Engagement
[…] je voudrais insister sur le fait que, abstraitement, personne n’est jamais obligé de s’engager dans les affaires du monde, de faire de la politique, de se battre. Personnellement, je n’ai jamais aimé les injonctions à la « mobilisation » ou au « courage » qu’on trouve dans les écrits militants ou politiques et qui prennent souvent la forme d’une dénonciation, souvent douteuse, de la « lâcheté » (de la « masse »), de l’« apathie » ou de la « passivité » de ceux qui ne s’engagent pas, qui s’accommodent du système.

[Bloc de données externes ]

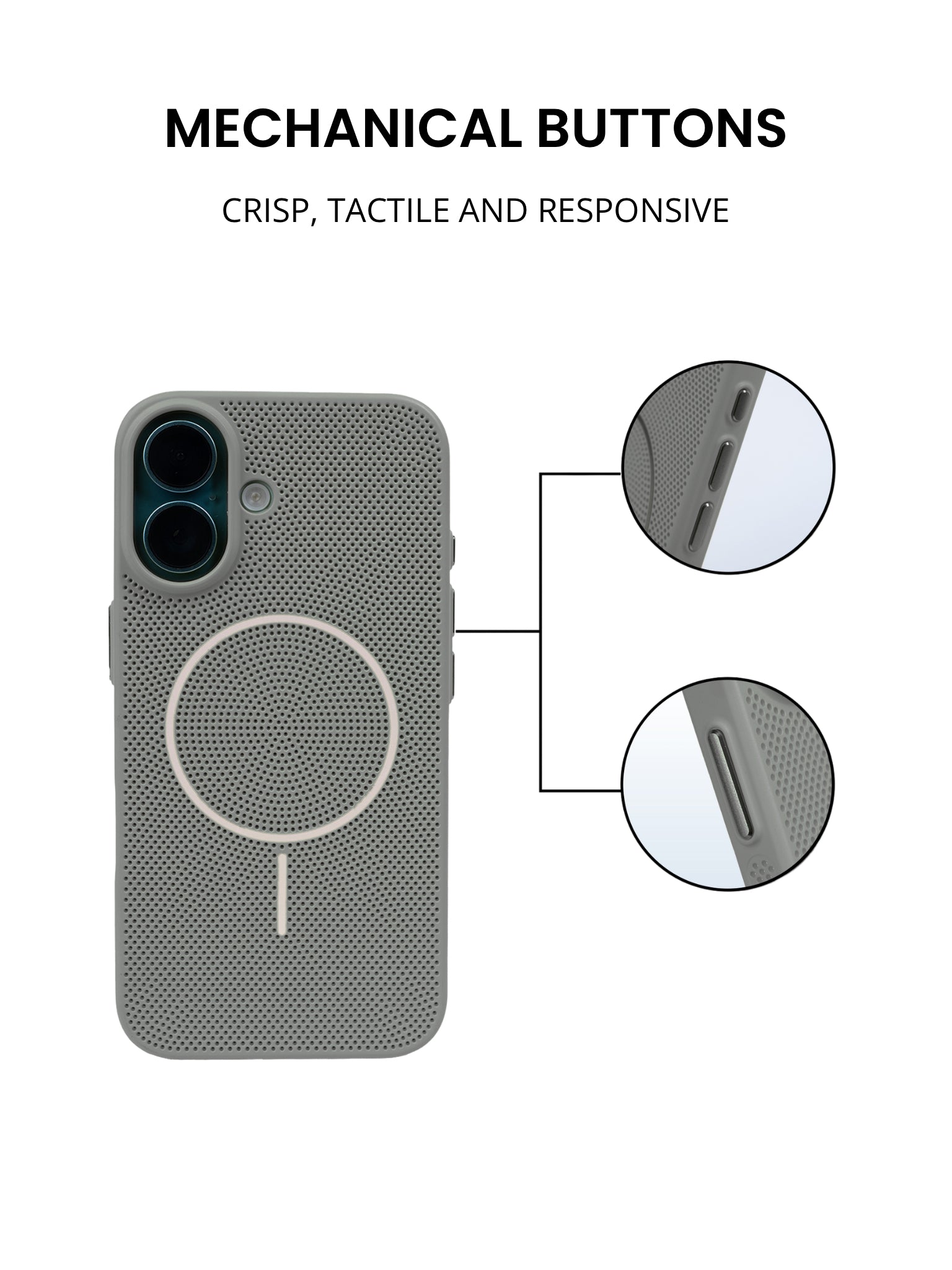 Give your Phone a stylish and protective upgrade with this Candy Color Netted Back Cover featuring premium metallic buttons and MagSafe compatibility. Designed in trendy candy shades, this case combines fashion with functionality. The sleek, net-textured design ensures a non-slip grip, while the raised camera bulge provides all-round protection against scratches and drops.
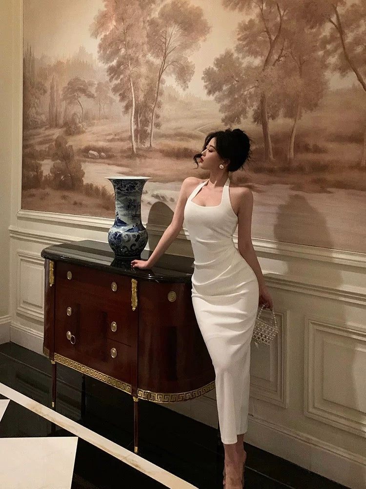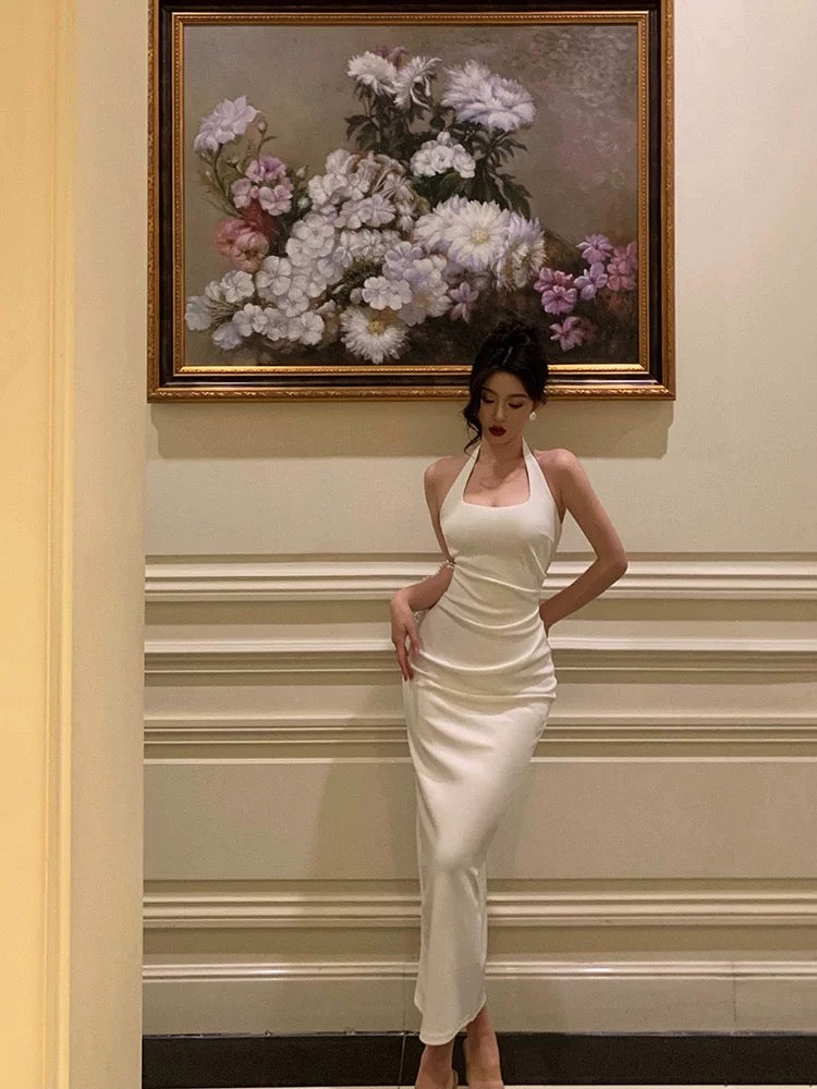 Sheath Halter Sleeveless White Tea Length Prom Dresses Birthday Outfits SD630

Parce qu’exister, c’est très largement, pour des motifs contingents, se retrouver jeter ici ou là, nous n’avons pas de contrainte éthique ou morale à intervenir lorsque nous sommes en désaccord avec le monde tel qu’il va ou avec les systèmes qui s’y mettent en place. Nous n’avons pas choisi notre lieu et notre date de naissance, nous n’avons pas choisi d’être là où nous sommes, de voir ce que nous voyons, d’être pris dans tel ou tel dispositif de pouvoir, en sorte qu’aucune obligation à nous engager ne pèse sur nous. Il n’y a pas de responsabilité ontologique envers ce qui arrive dans le monde.
En revanche, sitôt que l’on écrit, sitôt que l’on prend la décision de publier, de chercher, de créer, tout change. Se lancer dans de telles activités suppose d’avoir décidé, plus ou moins consciemment, à un moment ou à un autre, de faire partie des producteurs d’idées, de faire circuler des discours, et donc de contribuer à façonner le cours du monde. Par conséquent, à ce moment-là, nous avons choisi de nous engager. Nous sommes engagés dans quelque chose. Et là, nous ne pouvons plus reculer et nier la dimension politique de notre action.
Geoffroy DE LAGASNERIE, Penser dans un monde mauvais, Paris, PUF, Coll. « Des mots », 2017, pp. 11-12.